Francine Hughes’ case was all too familiar to a group of feminist activists who had been trying to call attention to domestic violence for years. Ever since the fight for women’s suffrage, women had been trying to turn the tide on spousal abuse. One of the earliest political movements supported by the movement, temperance, was closely tied to domestic violence. Anti-alcohol advocates claimed that drunken men were more likely to beat and harm their wives and children, and used images and stories of women who had been attacked by their drunken husbands to gain support for their cause.
At the same time, women crusaded against the widely accepted policy of “chastisement,” which held that men had the right to physically punish their legally subordinate wives. “As master of the household, a husband could command his wife's obedience, and subject her to corporal punishment or "chastisement" if she defied his authority,” writes legal historian Reva B. Siegel. But as ideas of discipline shifted after the public became more aware of the abuse of slaves in the antebellum south, chastisement gained critics. Starting in the 1870s, chastisement became socially stigmatized.
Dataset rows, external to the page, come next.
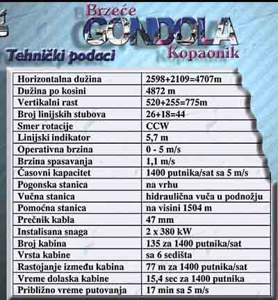 Što se tiče planova izgradnje gondole Imam MULTIMEDIJU sa slikama trasa tehničkim podatcima i planovima, ali to je trebalo da bude urađeno još 1999. Izvođač je trebalo da bude firma POMA. Ako nekog interesuje MULTIMEDIJA mogao bih da dostavim poštom nekom od članova foruma sa područja Beograda pa posle koprajte i rasturajte kako vam je volja.
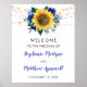 Este cartel boda presenta un diseño de acuarela con girasoles, rosas azules, follaje y luces de cuerda. Personalízalo con tu propio texto. Este producto forma parte de una colección de suites bodas que incluye productos a juego. Visite nuestra tienda o vea la página de la colección para ver el rango completo.
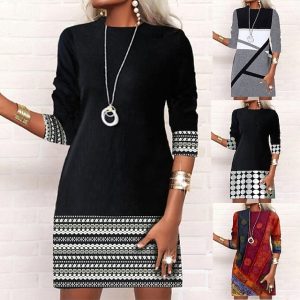 Women’s Mini Dress Sweatshirt Dress Casual Dress Vintage Vacation Office Daily Regular Fit Geometric Color Block Long Sleeve Crew Neck Black White Wine Gray Spring Fall #12584418

That didn’t mean that domestic abuse stopped, though. Even in the 1970s, police and courts turned a blind eye to men who beat and raped their wives. In 1976, the New York Times covered a case in which a bleeding, bruised woman went to a police department in the hopes of getting protection from her violent husband, only to be told, “It’s not a Police Department thing” and referred to family court. Judges and juries routinely downplayed spousal abuse, too. By 1977, the same year that Francine Hughes killed her husband, the FBI had reported that spousal abuse was the United States’ most underreported crime.
Faced with a justice system reluctant to help abused women, grassroots organizers began to raise awareness and create small-scale protections for women in danger beginning in the 1970s. In 1972, the first rape crisis line was established. In 1971, the world’s first safe house for domestic violence victims was opened in Chiswick, London. A group of American activists visited the refuge and began a network of their own shelters in the United States.
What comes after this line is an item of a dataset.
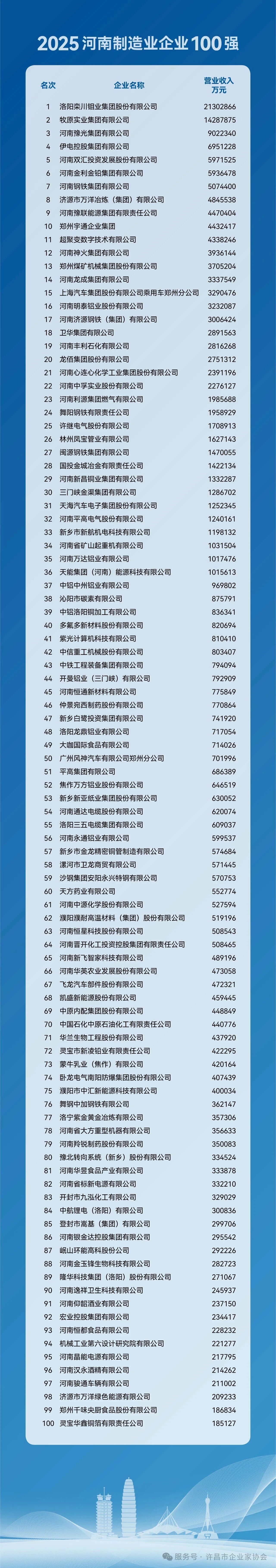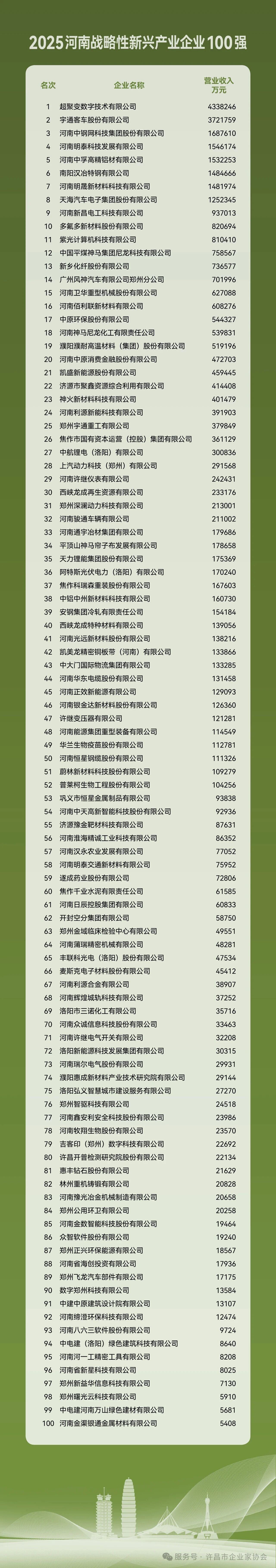 11月12日,“2025河南企業(yè)100強發(fā)布會”在鄭州隆重舉行。本次發(fā)布會由河南省企業(yè)聯(lián)合會、河南省企業(yè)家協(xié)會(以下簡稱“省企聯(lián)”)主辦,許昌市企業(yè)家協(xié)會應邀參加。會上正式發(fā)布了《2025河南企業(yè)100強發(fā)展報告》及百強企業(yè)名單,許昌市多家優(yōu)秀企業(yè)榜上有名,其中包括許繼電氣股份有限公司、許昌胖東來商貿(mào)集團有限公司等知名企業(yè)。

Soon, activists began targeting the legal system itself. It was an uphill battle: legislators, police, judges and the public was slow to understand why it was necessary to provide specific legal protections for the victims of intimate partner abuse. “Do we break up a marriage simply because a man beats his wife?” asked New York City Councilman Leon A. Katz in a typical exchange with a group of advocates that testified in front of the city’s public safety committee in 1976.
Cases like Francine Hughes’s helped draw awareness to the issue. After she was acquitted due to temporary insanity, “burning bed syndrome” became something studied by academics and used as a defense in other cases of women killing their abusers. By the time Farrah Fawcett starred in a made-for-TV movie based on The Burning Bed in 1984, there was a National Domestic Violence Awareness Week, and the movement had made huge gains.
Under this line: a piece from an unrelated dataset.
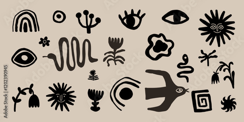 Cut out collage organic floral abstract form in retro vintage style. Naive simple hand drawn doodle sketches.

A decade later, Congress passed the Violence Against Women Act, which established a national domestic violence hotline, forced all states and jurisdictions to recognize and enforce victim protection orders, and provided funding for domestic violence training for law enforcement officers, among other provisions.
By the time Francine Hughes died in 2017, domestic violence had been recognized as a major national issue. But that doesn’t mean it’s been resolved. Even today, 20 people per minute are physically abused by an intimate partner, and one in four women and one in nine men will be victims of severe physical abuse by an intimate partner during their lifetime.